Items from a dataset:
[Start of section]

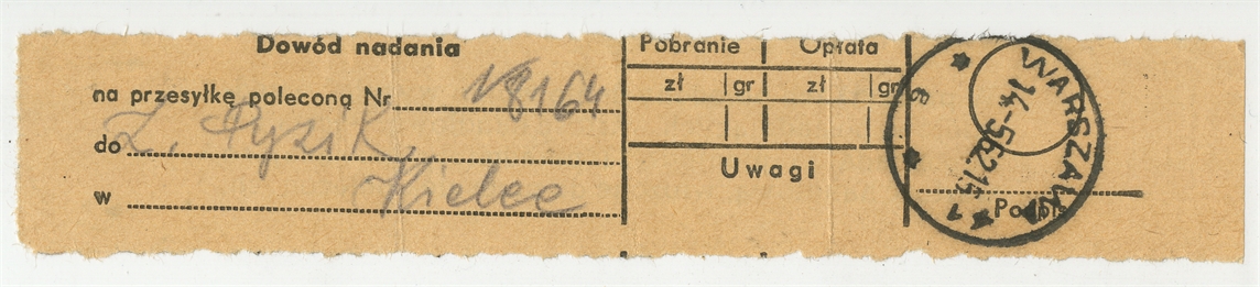 Dowód nadania przesyłki poleconej z dnia 14.05 [19]62 roku do Z. Pyzika w Kielcach - awers
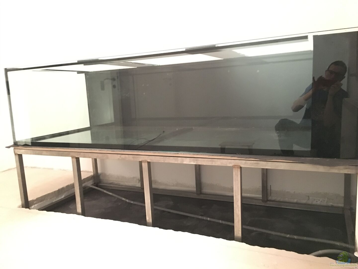 - Unterschrank selbst gebaut aus 40x40 mm Nierosterstahl - Aufbau : Fallschutzmatte - Siebdruckplatte 21mm - Unterschrank - Dachfolie - Siebdruckplatte 21mm - Aquariumunterlagsmatte - Becken - Bohrung im Boden für Wasserwechsel - Mehrkammerinnenfilter mit 4 Kammern über die ganze Tiefe - Becken wurde genau nach meinen Wünschen angefertigt und bis vors Haus geliefert > mit 6 Mann und meiner Ehefrau kam Becken schlie??lich durchs Fenster in den richtigen Raum
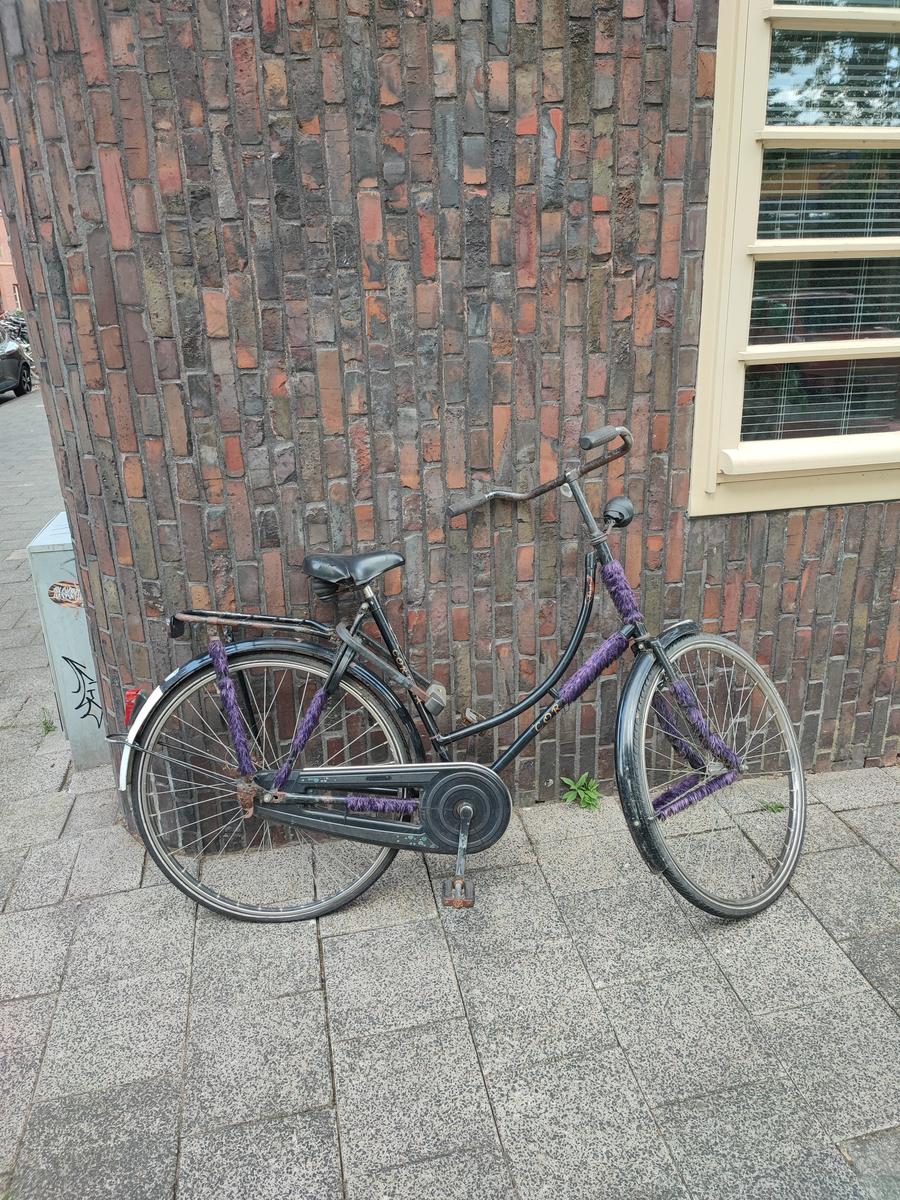 Cortana damesfiets zwart met paarse stof
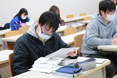 商科1年生は、10日実施の「日商簿記検定3級」の合格に向けて
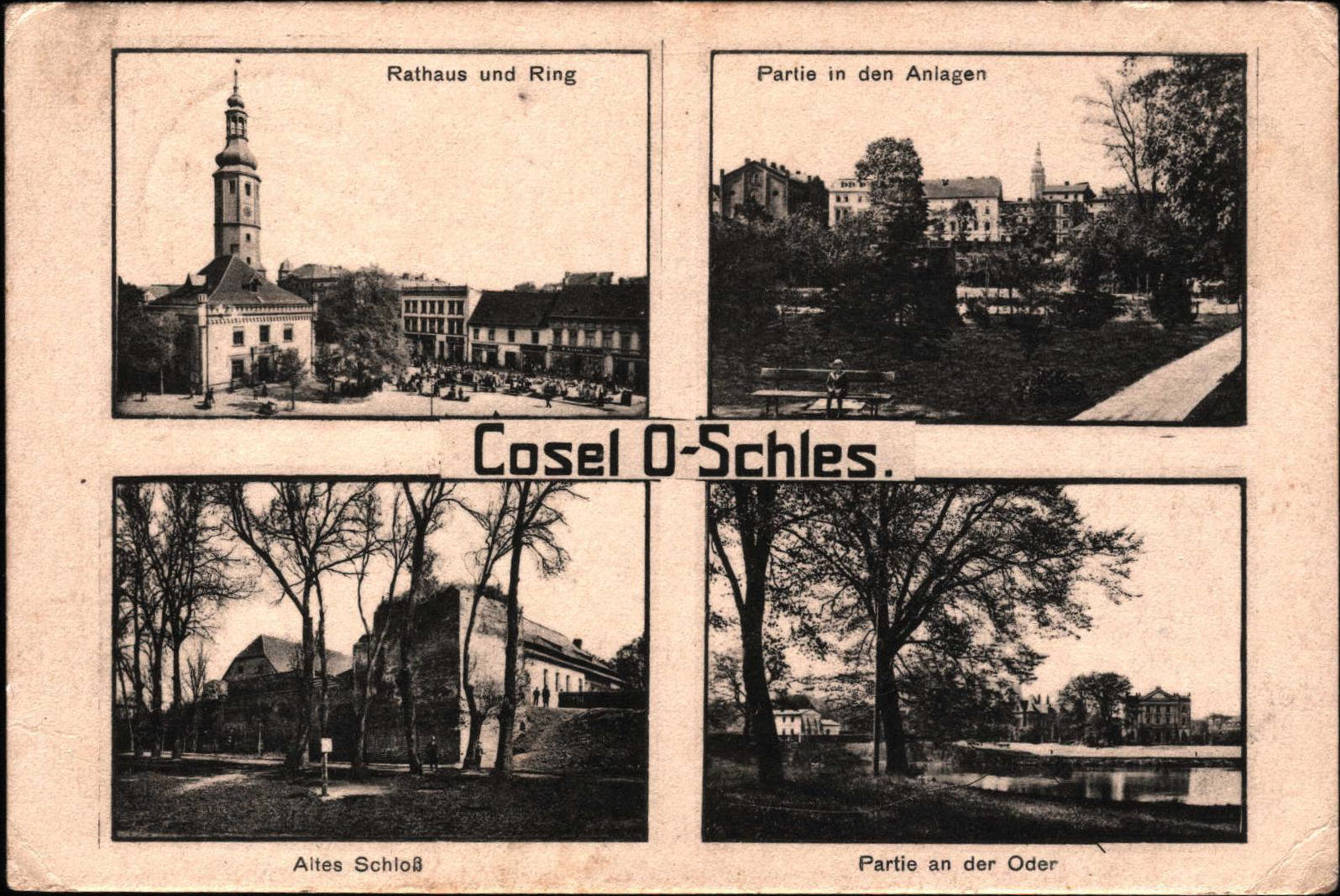 Pocztówka (4-widoki), przedstawiająca stare Koźle.

[End of section]

■ **Required work**: Pictures are to be omitted; set down the rest of the entries exactly as given.

■ **Solution to this task**:
 Dowód nadania przesyłki poleconej z dnia 14.05 [19]62 roku do Z. Pyzika w Kielcach - awers
 - Unterschrank selbst gebaut aus 40x40 mm Nierosterstahl - Aufbau : Fallschutzmatte - Siebdruckplatte 21mm - Unterschrank - Dachfolie - Siebdruckplatte 21mm - Aquariumunterlagsmatte - Becken - Bohrung im Boden für Wasserwechsel - Mehrkammerinnenfilter mit 4 Kammern über die ganze Tiefe - Becken wurde genau nach meinen Wünschen angefertigt und bis vors Haus geliefert > mit 6 Mann und meiner Ehefrau kam Becken schlie??lich durchs Fenster in den richtigen Raum
 Cortana damesfiets zwart met paarse stof
 商科1年生は、10日実施の「日商簿記検定3級」の合格に向けて
 Pocztówka (4-widoki), przedstawiająca stare Koźle.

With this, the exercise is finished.